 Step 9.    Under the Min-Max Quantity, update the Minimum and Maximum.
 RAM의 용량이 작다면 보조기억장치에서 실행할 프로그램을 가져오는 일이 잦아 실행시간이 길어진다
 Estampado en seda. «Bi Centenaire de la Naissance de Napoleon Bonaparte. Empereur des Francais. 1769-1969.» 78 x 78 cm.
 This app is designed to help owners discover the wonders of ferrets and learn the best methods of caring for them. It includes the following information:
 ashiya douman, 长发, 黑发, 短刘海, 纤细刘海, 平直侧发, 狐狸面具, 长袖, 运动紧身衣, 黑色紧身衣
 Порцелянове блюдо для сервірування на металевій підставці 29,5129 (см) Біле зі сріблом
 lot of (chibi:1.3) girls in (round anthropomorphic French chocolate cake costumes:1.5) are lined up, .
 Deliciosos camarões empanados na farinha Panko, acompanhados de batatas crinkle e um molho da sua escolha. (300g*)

--------

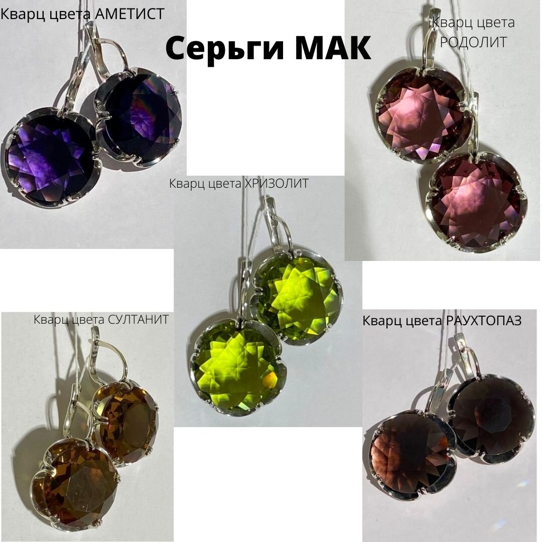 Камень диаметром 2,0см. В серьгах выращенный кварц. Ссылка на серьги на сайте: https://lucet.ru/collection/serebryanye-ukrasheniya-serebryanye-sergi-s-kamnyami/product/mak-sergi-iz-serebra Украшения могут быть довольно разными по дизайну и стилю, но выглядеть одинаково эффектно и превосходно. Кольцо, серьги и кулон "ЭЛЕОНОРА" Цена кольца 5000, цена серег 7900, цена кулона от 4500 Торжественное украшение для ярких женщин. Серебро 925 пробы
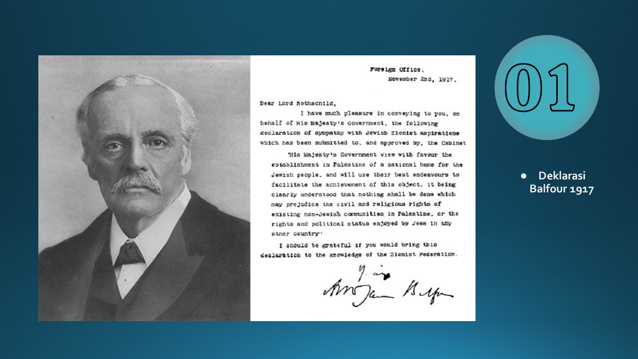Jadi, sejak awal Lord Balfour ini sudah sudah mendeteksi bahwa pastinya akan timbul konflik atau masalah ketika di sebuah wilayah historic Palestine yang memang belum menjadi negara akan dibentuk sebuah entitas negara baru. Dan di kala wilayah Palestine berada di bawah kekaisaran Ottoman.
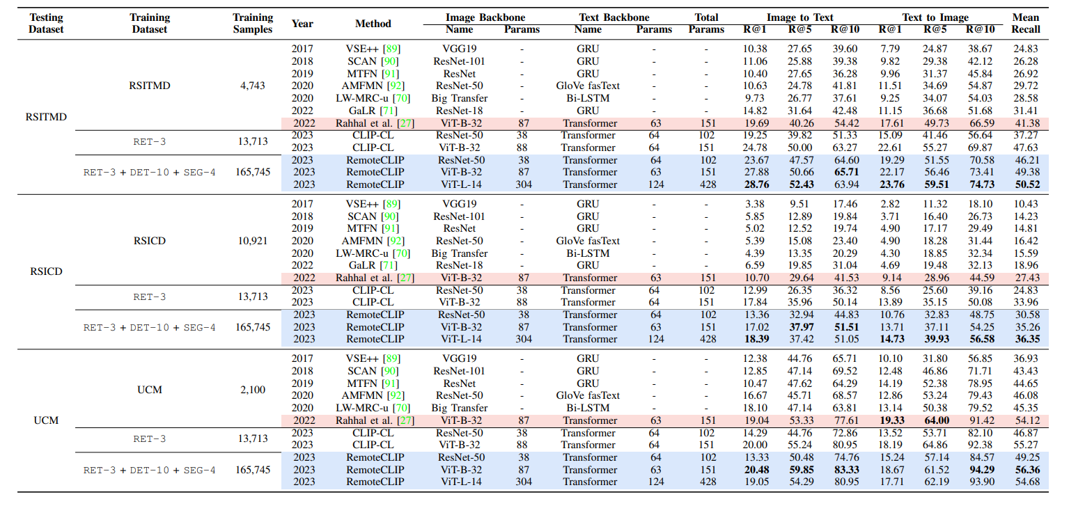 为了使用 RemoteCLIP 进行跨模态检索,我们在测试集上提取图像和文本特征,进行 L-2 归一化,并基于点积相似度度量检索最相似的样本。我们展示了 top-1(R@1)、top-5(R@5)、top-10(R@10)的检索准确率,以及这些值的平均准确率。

--------

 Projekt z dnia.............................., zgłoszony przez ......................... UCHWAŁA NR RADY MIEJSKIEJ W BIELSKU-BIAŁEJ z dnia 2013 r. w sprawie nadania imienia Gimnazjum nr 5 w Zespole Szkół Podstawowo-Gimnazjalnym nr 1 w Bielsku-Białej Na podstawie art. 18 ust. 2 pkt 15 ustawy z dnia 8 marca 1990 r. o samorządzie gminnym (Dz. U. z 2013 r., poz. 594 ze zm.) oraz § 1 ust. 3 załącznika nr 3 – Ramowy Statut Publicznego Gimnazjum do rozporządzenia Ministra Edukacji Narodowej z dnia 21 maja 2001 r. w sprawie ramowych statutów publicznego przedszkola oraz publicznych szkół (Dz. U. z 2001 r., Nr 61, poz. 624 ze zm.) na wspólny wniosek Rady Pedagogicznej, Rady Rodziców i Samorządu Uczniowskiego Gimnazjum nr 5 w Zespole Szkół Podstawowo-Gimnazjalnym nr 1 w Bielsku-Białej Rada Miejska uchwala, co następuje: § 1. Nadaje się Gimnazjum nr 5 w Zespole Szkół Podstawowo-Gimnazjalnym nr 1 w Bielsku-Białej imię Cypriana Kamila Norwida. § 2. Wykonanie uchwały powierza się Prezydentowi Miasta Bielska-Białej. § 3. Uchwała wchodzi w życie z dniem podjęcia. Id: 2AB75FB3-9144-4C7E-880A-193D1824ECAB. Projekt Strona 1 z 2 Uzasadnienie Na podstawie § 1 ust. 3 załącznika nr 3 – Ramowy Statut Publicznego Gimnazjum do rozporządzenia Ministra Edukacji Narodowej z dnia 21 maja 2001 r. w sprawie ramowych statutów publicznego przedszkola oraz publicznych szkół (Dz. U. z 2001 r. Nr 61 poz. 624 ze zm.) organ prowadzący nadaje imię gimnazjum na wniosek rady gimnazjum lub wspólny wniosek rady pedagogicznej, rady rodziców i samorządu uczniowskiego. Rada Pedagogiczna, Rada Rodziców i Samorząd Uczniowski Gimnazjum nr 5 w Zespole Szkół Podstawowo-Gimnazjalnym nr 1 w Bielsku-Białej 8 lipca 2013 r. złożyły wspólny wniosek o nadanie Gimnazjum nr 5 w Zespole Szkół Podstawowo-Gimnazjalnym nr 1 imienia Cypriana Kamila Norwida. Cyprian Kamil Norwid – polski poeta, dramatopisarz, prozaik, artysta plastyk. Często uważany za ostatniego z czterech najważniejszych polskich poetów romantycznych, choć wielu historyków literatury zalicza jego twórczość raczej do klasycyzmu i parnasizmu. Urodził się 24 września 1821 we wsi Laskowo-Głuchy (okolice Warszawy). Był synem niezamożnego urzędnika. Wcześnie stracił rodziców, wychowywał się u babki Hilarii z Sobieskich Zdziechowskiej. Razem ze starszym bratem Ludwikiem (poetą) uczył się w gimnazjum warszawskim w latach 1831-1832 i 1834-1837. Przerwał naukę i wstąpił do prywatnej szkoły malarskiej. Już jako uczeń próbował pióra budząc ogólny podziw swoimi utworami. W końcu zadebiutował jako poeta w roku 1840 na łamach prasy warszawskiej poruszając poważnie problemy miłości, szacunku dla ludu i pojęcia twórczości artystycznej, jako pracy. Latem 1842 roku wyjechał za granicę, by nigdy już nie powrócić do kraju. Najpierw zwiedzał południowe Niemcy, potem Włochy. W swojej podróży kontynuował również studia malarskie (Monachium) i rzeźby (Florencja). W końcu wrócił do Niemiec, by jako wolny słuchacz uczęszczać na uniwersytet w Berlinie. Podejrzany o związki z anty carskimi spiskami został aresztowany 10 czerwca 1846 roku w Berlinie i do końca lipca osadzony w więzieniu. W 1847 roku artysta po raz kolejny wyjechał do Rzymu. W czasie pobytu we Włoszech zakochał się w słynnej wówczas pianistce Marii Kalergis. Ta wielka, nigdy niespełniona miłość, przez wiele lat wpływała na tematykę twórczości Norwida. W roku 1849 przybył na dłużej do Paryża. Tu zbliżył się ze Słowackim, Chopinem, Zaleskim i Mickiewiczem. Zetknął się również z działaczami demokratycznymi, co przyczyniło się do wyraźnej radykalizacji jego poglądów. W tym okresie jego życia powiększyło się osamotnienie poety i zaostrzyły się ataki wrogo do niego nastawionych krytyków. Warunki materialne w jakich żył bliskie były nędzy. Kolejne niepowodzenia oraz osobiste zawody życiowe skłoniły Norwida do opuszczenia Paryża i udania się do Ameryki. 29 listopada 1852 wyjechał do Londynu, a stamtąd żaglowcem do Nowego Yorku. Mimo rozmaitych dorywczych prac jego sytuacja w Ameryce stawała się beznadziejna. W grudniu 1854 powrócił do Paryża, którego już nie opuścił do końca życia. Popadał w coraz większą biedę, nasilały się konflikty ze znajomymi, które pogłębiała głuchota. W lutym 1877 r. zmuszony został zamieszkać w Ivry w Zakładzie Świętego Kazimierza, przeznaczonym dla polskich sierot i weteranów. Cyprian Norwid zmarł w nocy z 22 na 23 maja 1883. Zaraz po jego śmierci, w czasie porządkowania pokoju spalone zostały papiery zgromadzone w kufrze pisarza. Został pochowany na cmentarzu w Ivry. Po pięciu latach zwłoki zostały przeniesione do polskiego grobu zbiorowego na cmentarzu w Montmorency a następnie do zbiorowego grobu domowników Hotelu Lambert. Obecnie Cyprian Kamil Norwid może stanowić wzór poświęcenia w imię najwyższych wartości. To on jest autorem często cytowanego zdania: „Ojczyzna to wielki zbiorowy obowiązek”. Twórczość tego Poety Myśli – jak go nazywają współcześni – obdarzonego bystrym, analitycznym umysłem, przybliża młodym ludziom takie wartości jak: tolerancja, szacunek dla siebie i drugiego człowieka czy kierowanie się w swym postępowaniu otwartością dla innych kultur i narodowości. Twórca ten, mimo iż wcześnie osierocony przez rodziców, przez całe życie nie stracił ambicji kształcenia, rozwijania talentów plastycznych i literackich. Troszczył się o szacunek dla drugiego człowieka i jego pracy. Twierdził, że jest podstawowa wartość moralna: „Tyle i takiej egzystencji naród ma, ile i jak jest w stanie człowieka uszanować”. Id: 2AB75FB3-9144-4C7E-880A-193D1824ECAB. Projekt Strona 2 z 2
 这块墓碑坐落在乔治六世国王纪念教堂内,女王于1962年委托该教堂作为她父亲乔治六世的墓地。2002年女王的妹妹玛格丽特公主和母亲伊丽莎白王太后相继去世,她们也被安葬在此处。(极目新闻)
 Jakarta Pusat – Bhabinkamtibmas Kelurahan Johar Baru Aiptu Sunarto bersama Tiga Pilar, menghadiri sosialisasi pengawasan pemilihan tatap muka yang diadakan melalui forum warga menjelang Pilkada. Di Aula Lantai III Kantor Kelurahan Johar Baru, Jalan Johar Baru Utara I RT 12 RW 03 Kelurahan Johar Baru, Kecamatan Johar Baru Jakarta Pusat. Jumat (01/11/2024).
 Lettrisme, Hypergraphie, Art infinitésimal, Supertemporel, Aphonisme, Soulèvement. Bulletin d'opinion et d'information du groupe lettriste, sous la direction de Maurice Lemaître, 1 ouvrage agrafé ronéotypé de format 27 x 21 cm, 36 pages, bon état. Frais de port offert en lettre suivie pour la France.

--------

Work order. In the data above, find the line with "RAM의 용량이 작다면" and the line with "Deliciosos camarões empanados". Retype both, plus every line between them, exactly.

Answer to the exercise.
 RAM의 용량이 작다면 보조기억장치에서 실행할 프로그램을 가져오는 일이 잦아 실행시간이 길어진다
 Estampado en seda. «Bi Centenaire de la Naissance de Napoleon Bonaparte. Empereur des Francais. 1769-1969.» 78 x 78 cm.
 This app is designed to help owners discover the wonders of ferrets and learn the best methods of caring for them. It includes the following information:
 ashiya douman, 长发, 黑发, 短刘海, 纤细刘海, 平直侧发, 狐狸面具, 长袖, 运动紧身衣, 黑色紧身衣
 Порцелянове блюдо для сервірування на металевій підставці 29,5129 (см) Біле зі сріблом
 lot of (chibi:1.3) girls in (round anthropomorphic French chocolate cake costumes:1.5) are lined up, .
 Deliciosos camarões empanados na farinha Panko, acompanhados de batatas crinkle e um molho da sua escolha. (300g*)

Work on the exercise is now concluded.